Огромные тяжёлые ладожские льдины, отражая солнечный свет, на фоне чистой темно-сиреневой воды реки кажутся лёгкими белоснежными пушинками, скользящими по её поверхности. Мой город, без какой-то там помпы, прекрасен и прекрасен… в любое время года, достаточно лишь взглянуть на него не торопясь, чтобы понять это и влюбиться в него уже навсегда.
И тут, вдруг, прямо на капитанском мостике корабля ВМФ номер один вижу её командира, усиленно машущего мне двумя руками крест-накрест над головой – это знак сигнальщиков всех флотов мира, означающий: «Примите семафор».
Это очень удивительно, необычно и… страшно – не натворил ли что-то такого… ненужного, запретного! – но инстинктивно, даже не успев опомниться, даю отмашку крест-накрест руками внизу у ног, что означает: «Понял, готов к приему семафора».
Опытный капитан первого ранга пишет медленно, уверенно, не торопясь, фиксируя каждую букву и знак, понимая мою неопытность в этом деле:
Правая рука – вертикально вверх, левая – горизонтально: «П».
Левая рука – вертикально вверх, правая – горизонтально: «Р».
Правая рука – вертикально вверх, левая – вертикально вниз: «И».

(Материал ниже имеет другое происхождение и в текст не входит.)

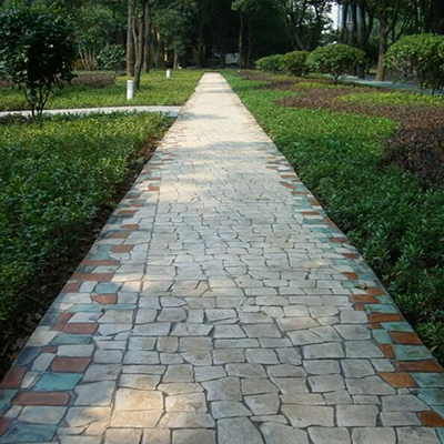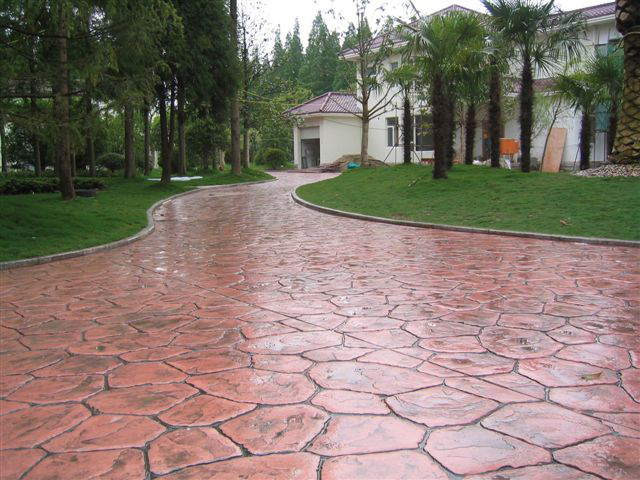 仿石壓模地坪是在新鋪裝的水泥混凝土的基面上找平后(未完全凝固前)使用模具壓印形成各種形狀的紋路,再經(jīng)過表面抹光與噴涂處理等施工工藝,使水泥混凝土表面形成仿真度極高的石材紋理和立體效果。如:大理石、花崗石、自然石等效果。仿石壓模主要材料:混凝土強(qiáng)化料,脫膜粉,保護(hù)劑,顏料等。

Правая рука – горизонтально, левая – вертикально вниз: «В».
Правая рука – под углом 45 градусов вверх, левая – вертикально вниз: «Е».
Правая и левая руки подняты горизонтально: «Т».
Энергичное одновременное движение рук сверху вниз: «знак окончания слова».
Правая рука – вертикально вверх, левая – горизонтально: «П».
Правая рука – вертикально вверх, левая – вертикально вниз: «И».
Правая и левая руки подняты горизонтально: «Т».
Левая рука приподнята на 45 градусов вниз, правая – вертикально вниз: «О».
Правая рука приподнята на 45 градусов вниз, левая – вертикально вниз: «Н».
Правая рука – вертикально вверх, левая – вертикально вниз: «И».
Левая рука – вертикально вверх, права – согнута в локте и прижата к животу, образуя перпендикулярную линию с левой рукой: «Я».
Энергичное одновременное движение рук сверху вниз: «знак окончания слова, семафора».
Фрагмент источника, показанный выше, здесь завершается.